• [What the exercise asks]: The word to find is "Sekretaris". Copy each line of the material that contains it.

• [Input material]:
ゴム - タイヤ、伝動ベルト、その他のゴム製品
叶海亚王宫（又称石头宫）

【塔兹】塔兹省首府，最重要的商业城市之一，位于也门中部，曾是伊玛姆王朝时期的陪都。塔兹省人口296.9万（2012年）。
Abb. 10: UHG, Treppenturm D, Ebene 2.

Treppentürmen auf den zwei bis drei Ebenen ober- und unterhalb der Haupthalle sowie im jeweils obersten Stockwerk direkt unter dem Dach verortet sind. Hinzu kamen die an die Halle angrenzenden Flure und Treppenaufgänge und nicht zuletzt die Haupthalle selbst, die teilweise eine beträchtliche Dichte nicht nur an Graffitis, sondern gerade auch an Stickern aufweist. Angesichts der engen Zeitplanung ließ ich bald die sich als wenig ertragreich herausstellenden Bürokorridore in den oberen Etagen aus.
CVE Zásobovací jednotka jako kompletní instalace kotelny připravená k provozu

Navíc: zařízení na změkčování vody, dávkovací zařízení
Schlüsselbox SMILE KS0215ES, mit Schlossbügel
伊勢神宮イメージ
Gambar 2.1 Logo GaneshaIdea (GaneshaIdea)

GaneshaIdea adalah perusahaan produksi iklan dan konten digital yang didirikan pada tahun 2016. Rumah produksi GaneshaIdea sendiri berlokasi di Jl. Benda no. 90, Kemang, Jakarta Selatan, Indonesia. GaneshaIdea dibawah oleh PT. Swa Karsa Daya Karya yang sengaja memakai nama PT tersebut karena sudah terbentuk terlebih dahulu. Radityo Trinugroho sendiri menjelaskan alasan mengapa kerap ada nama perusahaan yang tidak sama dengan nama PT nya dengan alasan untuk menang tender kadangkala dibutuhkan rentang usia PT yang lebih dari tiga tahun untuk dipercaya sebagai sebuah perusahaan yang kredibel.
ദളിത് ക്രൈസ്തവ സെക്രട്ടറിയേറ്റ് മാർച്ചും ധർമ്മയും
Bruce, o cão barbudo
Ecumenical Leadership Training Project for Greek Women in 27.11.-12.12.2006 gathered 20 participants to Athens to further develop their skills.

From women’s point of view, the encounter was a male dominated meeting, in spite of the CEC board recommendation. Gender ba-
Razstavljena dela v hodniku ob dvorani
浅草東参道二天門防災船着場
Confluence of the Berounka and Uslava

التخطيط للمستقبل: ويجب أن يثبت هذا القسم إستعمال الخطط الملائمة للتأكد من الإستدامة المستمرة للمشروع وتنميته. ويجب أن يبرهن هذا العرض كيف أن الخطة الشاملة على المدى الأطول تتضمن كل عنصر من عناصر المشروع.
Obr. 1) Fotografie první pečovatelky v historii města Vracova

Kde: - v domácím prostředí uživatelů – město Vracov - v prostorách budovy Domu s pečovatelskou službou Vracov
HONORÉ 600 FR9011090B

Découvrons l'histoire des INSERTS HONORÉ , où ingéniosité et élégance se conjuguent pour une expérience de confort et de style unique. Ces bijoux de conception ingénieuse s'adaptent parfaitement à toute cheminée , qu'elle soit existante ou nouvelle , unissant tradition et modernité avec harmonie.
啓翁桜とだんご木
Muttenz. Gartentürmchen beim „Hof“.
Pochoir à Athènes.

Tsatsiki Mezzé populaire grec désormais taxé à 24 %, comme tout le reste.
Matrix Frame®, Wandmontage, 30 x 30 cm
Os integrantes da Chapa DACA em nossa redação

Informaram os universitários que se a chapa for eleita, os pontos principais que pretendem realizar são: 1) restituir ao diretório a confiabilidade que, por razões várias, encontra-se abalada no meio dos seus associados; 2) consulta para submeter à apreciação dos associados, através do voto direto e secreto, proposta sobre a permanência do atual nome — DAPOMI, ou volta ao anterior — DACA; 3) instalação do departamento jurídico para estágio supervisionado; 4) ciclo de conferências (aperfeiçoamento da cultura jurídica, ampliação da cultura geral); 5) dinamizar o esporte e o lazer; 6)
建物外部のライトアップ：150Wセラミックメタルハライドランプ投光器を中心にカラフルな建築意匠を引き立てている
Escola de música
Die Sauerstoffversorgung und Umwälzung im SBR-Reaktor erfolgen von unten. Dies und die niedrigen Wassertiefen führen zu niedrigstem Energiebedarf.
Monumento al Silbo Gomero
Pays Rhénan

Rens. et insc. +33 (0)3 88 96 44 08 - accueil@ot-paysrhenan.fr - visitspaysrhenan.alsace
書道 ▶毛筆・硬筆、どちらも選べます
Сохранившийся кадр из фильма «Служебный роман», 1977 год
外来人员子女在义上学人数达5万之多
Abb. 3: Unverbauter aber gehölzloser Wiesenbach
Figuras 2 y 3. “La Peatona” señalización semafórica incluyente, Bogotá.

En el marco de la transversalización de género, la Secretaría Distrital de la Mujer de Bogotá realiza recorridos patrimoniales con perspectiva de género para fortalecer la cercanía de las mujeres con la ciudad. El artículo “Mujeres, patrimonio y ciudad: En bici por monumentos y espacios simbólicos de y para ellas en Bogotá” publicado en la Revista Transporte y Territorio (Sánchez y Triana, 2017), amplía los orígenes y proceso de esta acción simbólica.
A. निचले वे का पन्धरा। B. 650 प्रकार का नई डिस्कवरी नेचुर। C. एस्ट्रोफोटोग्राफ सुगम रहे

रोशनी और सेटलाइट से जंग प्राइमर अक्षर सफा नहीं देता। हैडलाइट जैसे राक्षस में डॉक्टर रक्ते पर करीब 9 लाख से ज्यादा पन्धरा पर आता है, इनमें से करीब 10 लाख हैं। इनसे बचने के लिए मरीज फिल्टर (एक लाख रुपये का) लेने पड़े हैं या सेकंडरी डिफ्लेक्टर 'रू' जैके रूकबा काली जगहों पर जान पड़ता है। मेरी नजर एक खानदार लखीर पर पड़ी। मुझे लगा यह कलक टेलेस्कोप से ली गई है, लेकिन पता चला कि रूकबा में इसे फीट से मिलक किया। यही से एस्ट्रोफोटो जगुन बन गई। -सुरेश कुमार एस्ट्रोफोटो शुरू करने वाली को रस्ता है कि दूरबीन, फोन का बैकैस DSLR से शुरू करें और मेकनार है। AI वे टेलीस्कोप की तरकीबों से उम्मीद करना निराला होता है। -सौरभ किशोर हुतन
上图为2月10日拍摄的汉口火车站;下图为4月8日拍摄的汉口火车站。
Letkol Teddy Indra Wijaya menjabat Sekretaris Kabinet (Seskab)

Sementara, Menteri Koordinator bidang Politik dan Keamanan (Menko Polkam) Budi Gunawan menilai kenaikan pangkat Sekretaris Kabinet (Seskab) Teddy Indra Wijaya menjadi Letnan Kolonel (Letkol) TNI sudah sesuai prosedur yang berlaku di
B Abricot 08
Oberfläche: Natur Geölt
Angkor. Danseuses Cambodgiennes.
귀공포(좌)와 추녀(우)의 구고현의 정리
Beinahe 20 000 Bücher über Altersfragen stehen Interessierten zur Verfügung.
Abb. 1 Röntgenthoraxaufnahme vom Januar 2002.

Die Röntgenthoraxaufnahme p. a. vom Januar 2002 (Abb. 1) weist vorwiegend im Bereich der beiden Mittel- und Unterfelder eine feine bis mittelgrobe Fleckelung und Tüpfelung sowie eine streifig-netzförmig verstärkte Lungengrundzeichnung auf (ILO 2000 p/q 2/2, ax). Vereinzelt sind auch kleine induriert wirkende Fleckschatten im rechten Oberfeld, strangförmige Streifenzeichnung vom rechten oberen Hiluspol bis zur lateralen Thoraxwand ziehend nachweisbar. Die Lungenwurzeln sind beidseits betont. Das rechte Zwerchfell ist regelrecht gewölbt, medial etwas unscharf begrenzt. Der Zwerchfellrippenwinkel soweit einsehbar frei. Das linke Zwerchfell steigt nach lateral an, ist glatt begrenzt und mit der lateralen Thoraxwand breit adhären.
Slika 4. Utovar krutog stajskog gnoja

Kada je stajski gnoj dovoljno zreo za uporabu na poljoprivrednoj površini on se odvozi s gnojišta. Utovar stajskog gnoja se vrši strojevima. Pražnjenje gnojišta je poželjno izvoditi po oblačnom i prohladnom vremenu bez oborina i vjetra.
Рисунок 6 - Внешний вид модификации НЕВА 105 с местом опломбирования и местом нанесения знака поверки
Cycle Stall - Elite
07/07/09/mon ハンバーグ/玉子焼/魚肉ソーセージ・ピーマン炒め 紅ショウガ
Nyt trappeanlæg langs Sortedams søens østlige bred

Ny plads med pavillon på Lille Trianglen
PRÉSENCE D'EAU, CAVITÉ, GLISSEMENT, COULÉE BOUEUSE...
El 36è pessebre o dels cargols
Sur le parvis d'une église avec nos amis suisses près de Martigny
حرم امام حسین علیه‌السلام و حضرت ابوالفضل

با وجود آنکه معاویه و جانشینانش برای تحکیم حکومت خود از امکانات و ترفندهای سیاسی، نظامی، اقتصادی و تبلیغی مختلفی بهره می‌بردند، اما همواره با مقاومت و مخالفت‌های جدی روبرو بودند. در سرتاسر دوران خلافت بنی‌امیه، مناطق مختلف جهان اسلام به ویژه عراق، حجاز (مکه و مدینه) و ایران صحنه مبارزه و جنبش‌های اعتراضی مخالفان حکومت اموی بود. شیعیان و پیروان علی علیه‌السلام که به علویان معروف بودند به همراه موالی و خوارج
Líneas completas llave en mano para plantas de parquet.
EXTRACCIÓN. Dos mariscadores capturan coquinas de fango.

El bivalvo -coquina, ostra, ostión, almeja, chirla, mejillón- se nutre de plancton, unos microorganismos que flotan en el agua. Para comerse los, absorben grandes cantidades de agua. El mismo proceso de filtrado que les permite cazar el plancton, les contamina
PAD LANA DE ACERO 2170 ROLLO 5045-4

• [Answer below]:
Letkol Teddy Indra Wijaya menjabat Sekretaris Kabinet (Seskab)
Sementara, Menteri Koordinator bidang Politik dan Keamanan (Menko Polkam) Budi Gunawan menilai kenaikan pangkat Sekretaris Kabinet (Seskab) Teddy Indra Wijaya menjadi Letnan Kolonel (Letkol) TNI sudah sesuai prosedur yang berlaku di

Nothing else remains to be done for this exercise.